QUESTION: What location?
MR. CROWLEY: New York. Again, more details to follow. But that’s what I can tell you there.
Since we’re on the subject, I will mention with regard to the announcement of plans for 1,300 units in East Jerusalem, that we were – let me start again. We were deeply disappointed by the announcement of advanced planning for new housing units in sensitive areas of East Jerusalem. It is counterproductive to our efforts to resume direct negotiations between the parties. We have long urged both parties to avoid actions which could undermine trust, including in Jerusalem, and we will continue to work to resume direct negotiations to address this and other final status issues. And I would expect this will be a topic of discussion when the Secretary meets the prime minister.

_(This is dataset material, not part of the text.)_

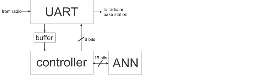 In a top level VHDL modular design, our propose method can be described as a controller, a transceiver and ANN module, all implemented in each anchor node. The controller is modeled as a Moore finite state machine that is responsible for managing data transmission and ANN control. The implemented system can be seen as shown in Figure 3.
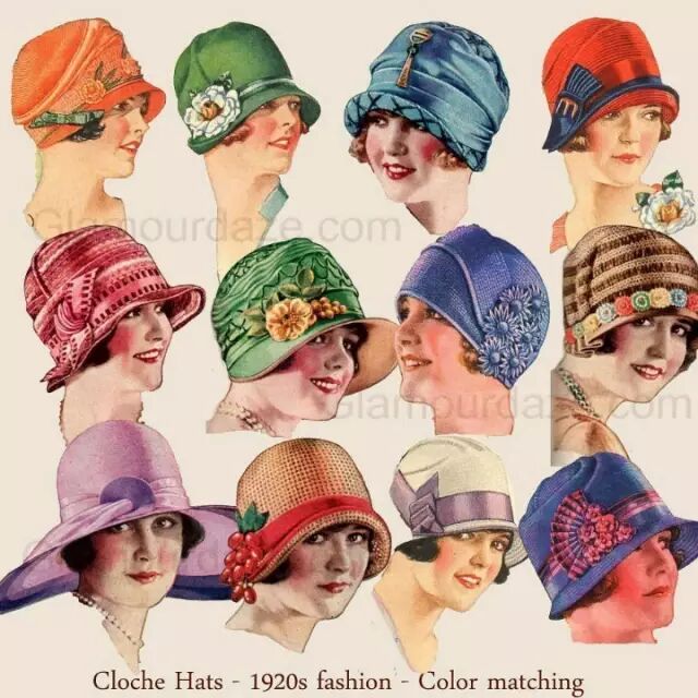 女性日装的标准配置是帽子,直到六十年代之前,不戴帽子就出门都是很不体面的,如香奈儿所说“帽子是人类文明的标志”。二十年代的女帽和服装一样出于特别的转型时期,在此之前,女帽都流行夸张华丽的造型,女性的头部和发型就像是作为帽架而存在的。

QUESTION: Mr. Crowley, do you notice that there is a pattern here concerning the truth, Yosef’s announcement on building the – on the new buildings and so on coincided with the Vice Presidential speech in New Orleans? It seems that every time there is visitor, a high caliber visitor, be it an American visitor to Israel or an Israeli visitor to the United States, there seems to be an announcement of building settlements.
MR. CROWLEY: Well, I don’t think the Vice President’s taking this personally. Look – and obviously, this is a process. We’ve seen these kinds of announcements before. Actually, some of this might date back to last month. And it could very well be that somebody in Israel has made this known in order to embarrass the prime minister and to undermine the process. This is expressly why we have been encouraging the parties to remain in direct negotiations, to return to direct negotiations, and to work through these issues face to face. This is the only way that they’re going to be resolved, and this just demonstrates again why it is vitally important for us to find a way for the Palestinians and the Israelis to be able to resolve the core issues in a negotiation and not through this jockeying, which brings out those who may well be opposed to peace in the Middle East.
QUESTION: Okay. Is there a – just a follow-on – is there a concern that the premiership in Israel seems to be working independently of the foreign ministry, on the one hand, and the authority that issue permits to build and so on, on the other? There seems to be confusion. Is there a concern in that area?
MR. CROWLEY: Right. As I said, I expect the Secretary will talk to the prime minister about this. As you said, this is not the first time we have experienced a situation where one element of the government or a government may not know what is happening in a different bureau, a different agency, or a different level of government. But all we know is this kind of announcement is counterproductive to what we are trying to accomplish.
QUESTION: I’m sorry. Just to follow up on that, I mean, does this realization that you have now that one arm of the government may not know what the other arm is doing, does that reduce Prime Minister Netanyahu’s usefulness as an interlocutor? I mean, what’s the point of talking to him if he can’t control the people in his own government?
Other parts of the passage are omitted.